The West Texas Intermediate crude oil for July delivery (CL.1) (CLN25) was still up 6.6% to trade at $72.61 a barrel as of 1:40 p.m. Eastern time, while Brent crude (BRN00) (BRNQ25) for August delivery was jumping 6.5% at around $73.90 a barrel.
The sharp rally put both the U.S. and global crude-oil benchmarks on pace for their largest one-day percentage increase so far in 2025, according to Dow Jones Market Data.
To be sure, concerns of a fresh global energy crisis are only speculative at this point, especially given that past geopolitical flare-ups have often led to only short-lived spikes in oil prices.
Yet market strategists warn that a major disruption to the world's energy supplies as a result of the closure of the Strait of Hormuz could spark a sharp and sustained uptick in oil prices, further fueling inflation pressures already squeezing consumers and businesses.

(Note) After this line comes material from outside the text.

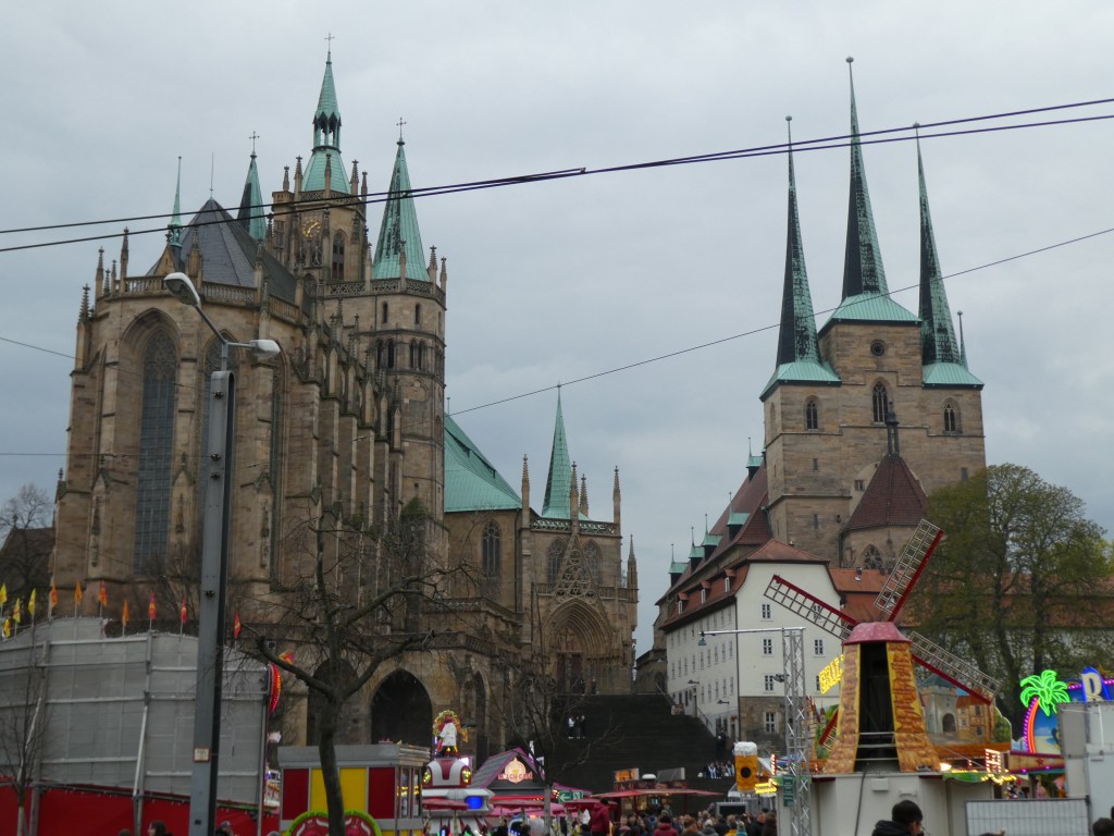 Sometimes I just walk into a city and fall in love. Erfurt is one of those cities. We’re here for a quick stop to see a WWII museum, but we wandered off from our hotel and came across these two dominating buildings on the main square. St. Mary’s Cathedral is on the left – from the 14th century. Martin Luther was ordained there in 1507. The church on the right is St. Severus – from the 12th century.

"Our comfort zone remains with oil prices in the $60 to $65 [per barrel] range, as sustained gains in energy prices could have a dire impact on inflation, reversing the months-long trend of cooling consumer prices in the U.S.," said a team of J.P. Morgan strategists led by Natasha Kaneva, head of global commodities research.
Kaneva earlier in the week warned that an attack on Iran could spike oil prices to $120 a barrel and drive the consumer-price index $(CPI.UK)$ to 5%.
The Strait of Hormuz, the waterway connecting the Persian Gulf to the Indian Ocean, sees roughly 20 million barrels per day of oil and oil products and 20% of the world's liquefied-natural-gas supply flow through. However, Iran has refrained in the past from closing the passageway, likely indicating a preference to avoid escalating conflicts "from hybrid warfare into a full-blown war," Kaneva and her team said.
Iran also would "almost certainly incur significant costs," J.P. Morgan team added, noting that any attempt to close the strait would be perceived not only as a violation of international norms but, more critically, as a direct threat to the economic interests of most Gulf states, including their primary customers in China, India, Japan and South Korea.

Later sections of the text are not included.